START RECORDED INFORMATION

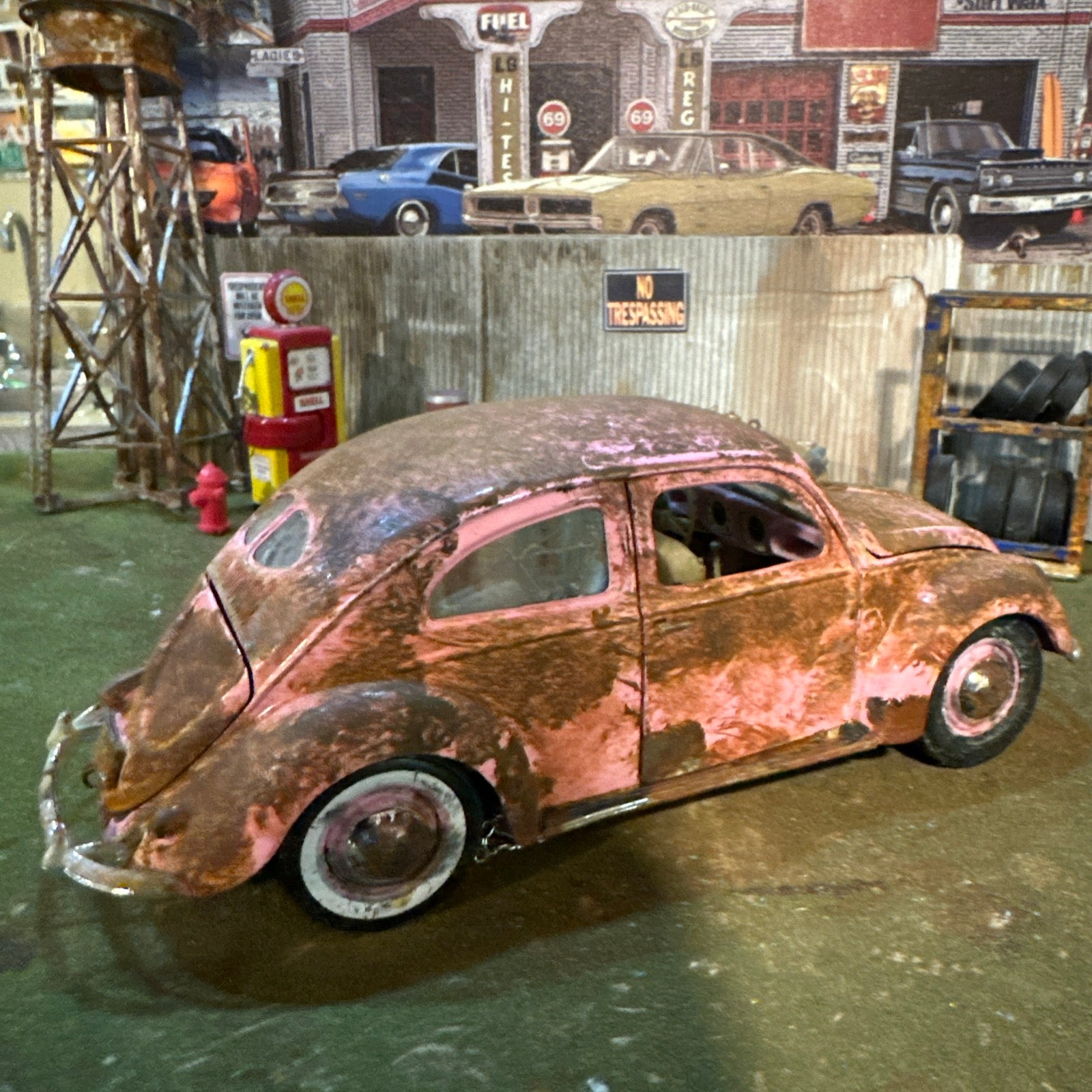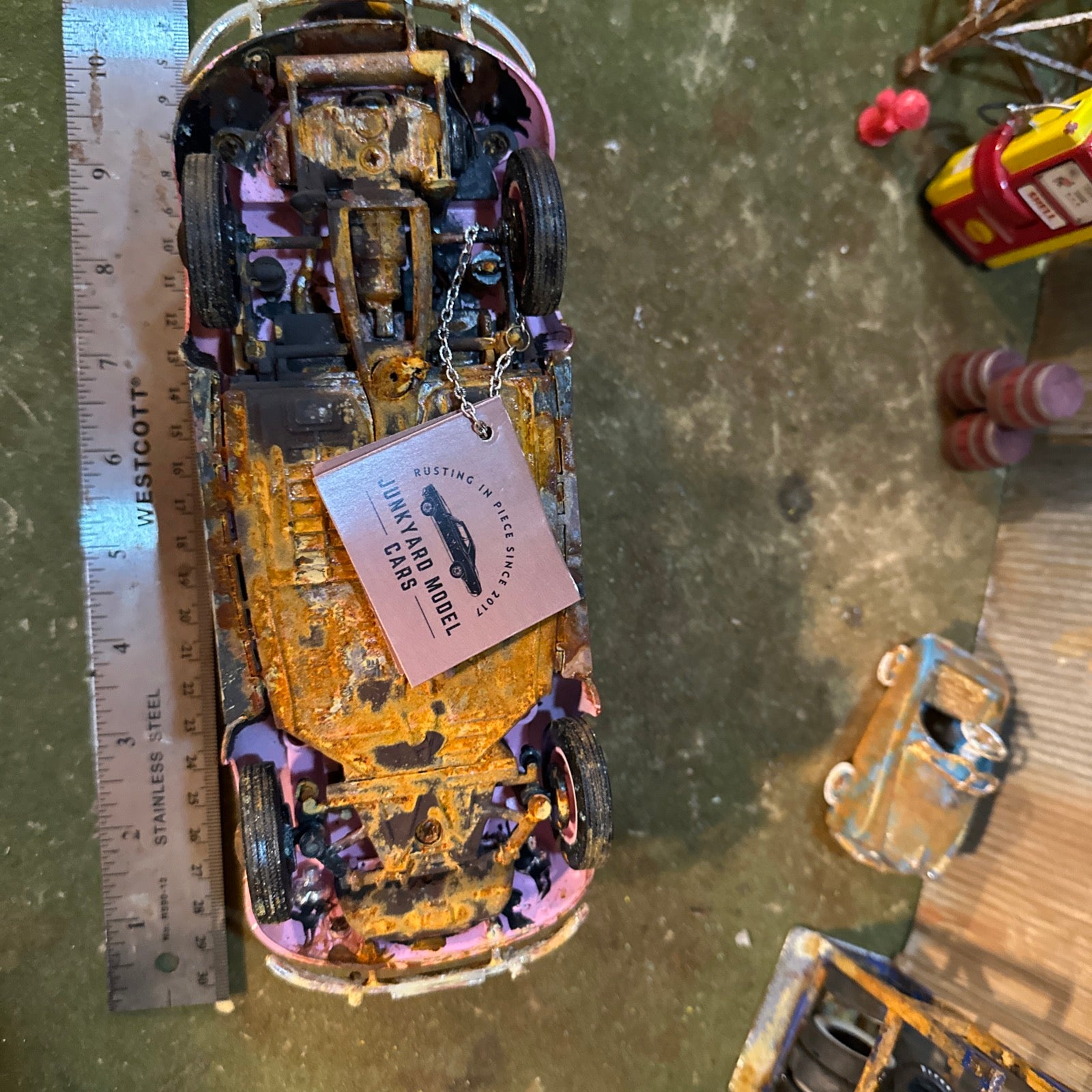 Starting with a very highly detailed 1/18 scale, the car was aged to perfection including a rotting chassis, interior and engine bay as well as paint decay. All done using a multi step rusting process.
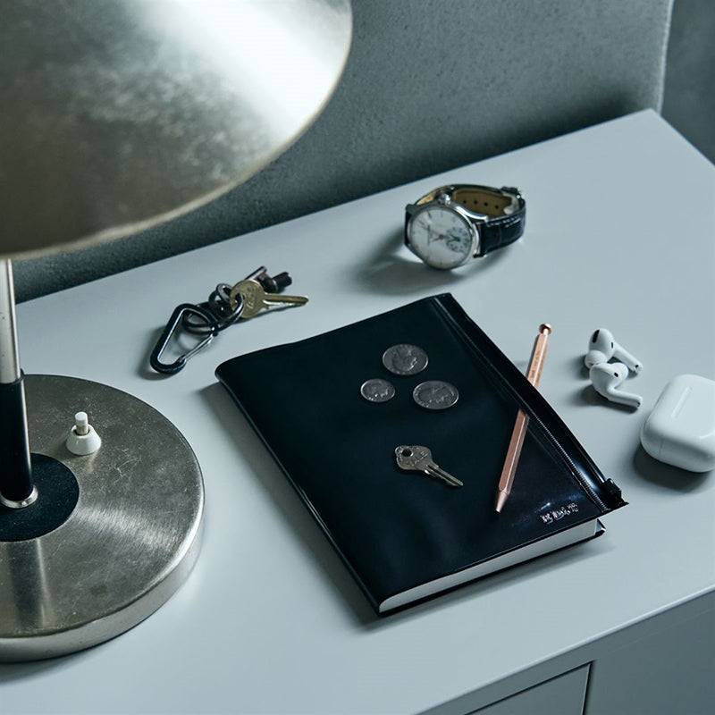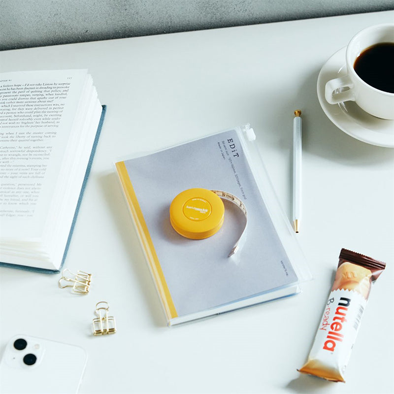 A B6 grid notebook with a slim, slide-zip PVC pocket cover—designed to carry your small essentials alongside a notebook that’s thin, light, and satisfying to write on. Made with EDiT’s original NEO AGENDA for EDiT paper, it balances everyday practicality with a clean, modern look. The 5 mm grey grid works beautifully in both portrait and landscape, making space for notes, sketches, lists, and light journaling. Available in a simple lineup of five versatile colours.
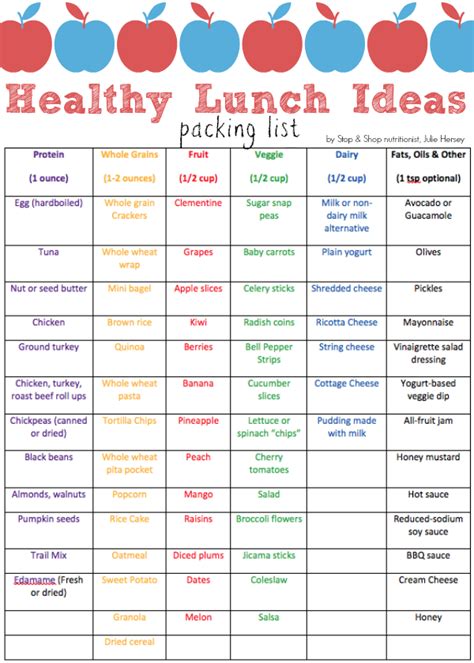 healthy lunch menu list
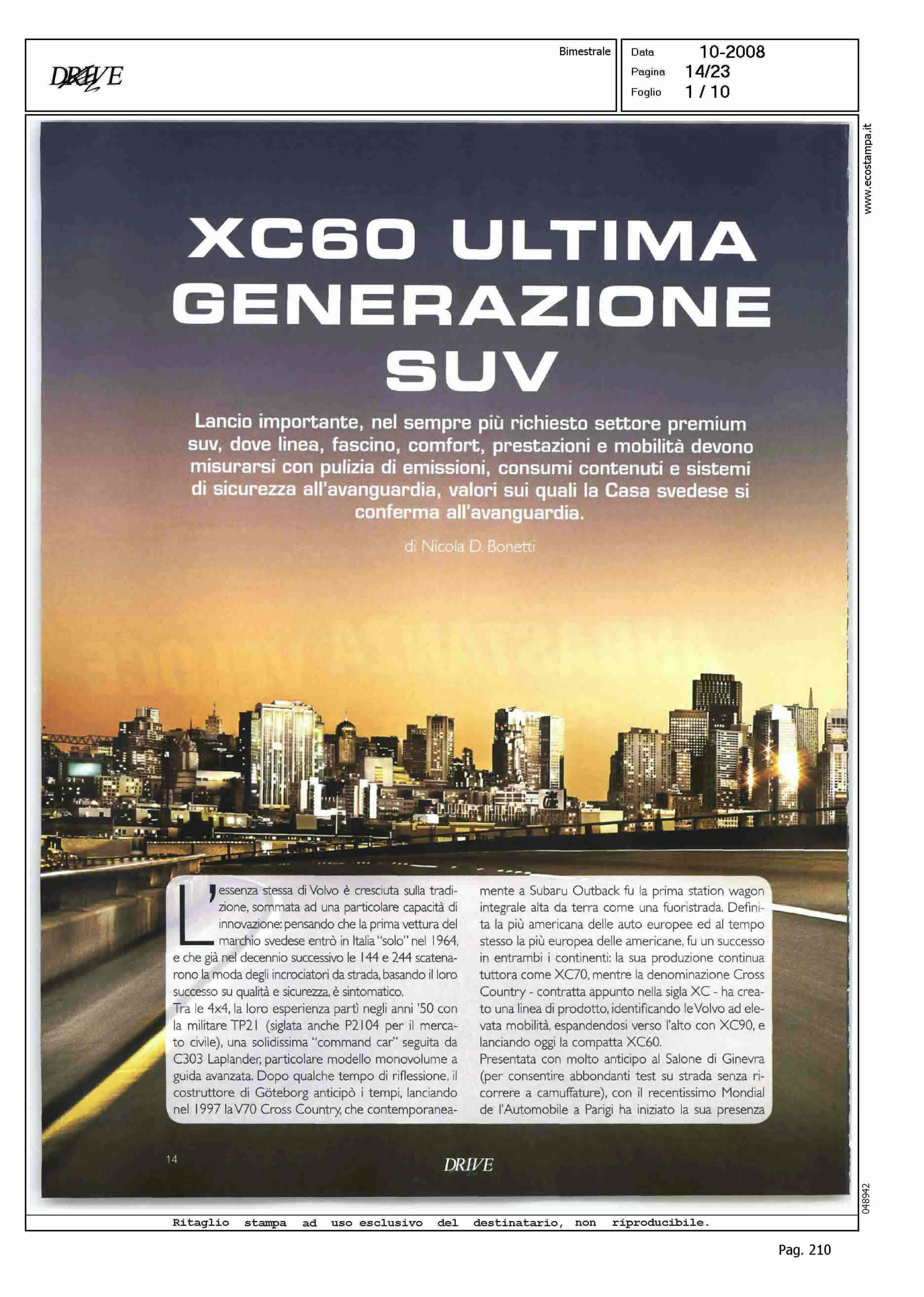 Author: BONETTI, NICOLA D.Line: XC60 Model: Subject: PRODUCT PRESENTATION Title: XC60 ULTIMA GENERAZIONE SUVHighlight:

END RECORDED INFORMATION

# [EXERCISE REQUIREMENTS]
Omit the pictures and reproduce the listing exactly.

# [SOLUTION FOR THIS EXERCISE]
 Starting with a very highly detailed 1/18 scale, the car was aged to perfection including a rotting chassis, interior and engine bay as well as paint decay. All done using a multi step rusting process.
 A B6 grid notebook with a slim, slide-zip PVC pocket cover—designed to carry your small essentials alongside a notebook that’s thin, light, and satisfying to write on. Made with EDiT’s original NEO AGENDA for EDiT paper, it balances everyday practicality with a clean, modern look. The 5 mm grey grid works beautifully in both portrait and landscape, making space for notes, sketches, lists, and light journaling. Available in a simple lineup of five versatile colours.
 healthy lunch menu list
 Author: BONETTI, NICOLA D.Line: XC60 Model: Subject: PRODUCT PRESENTATION Title: XC60 ULTIMA GENERAZIONE SUVHighlight:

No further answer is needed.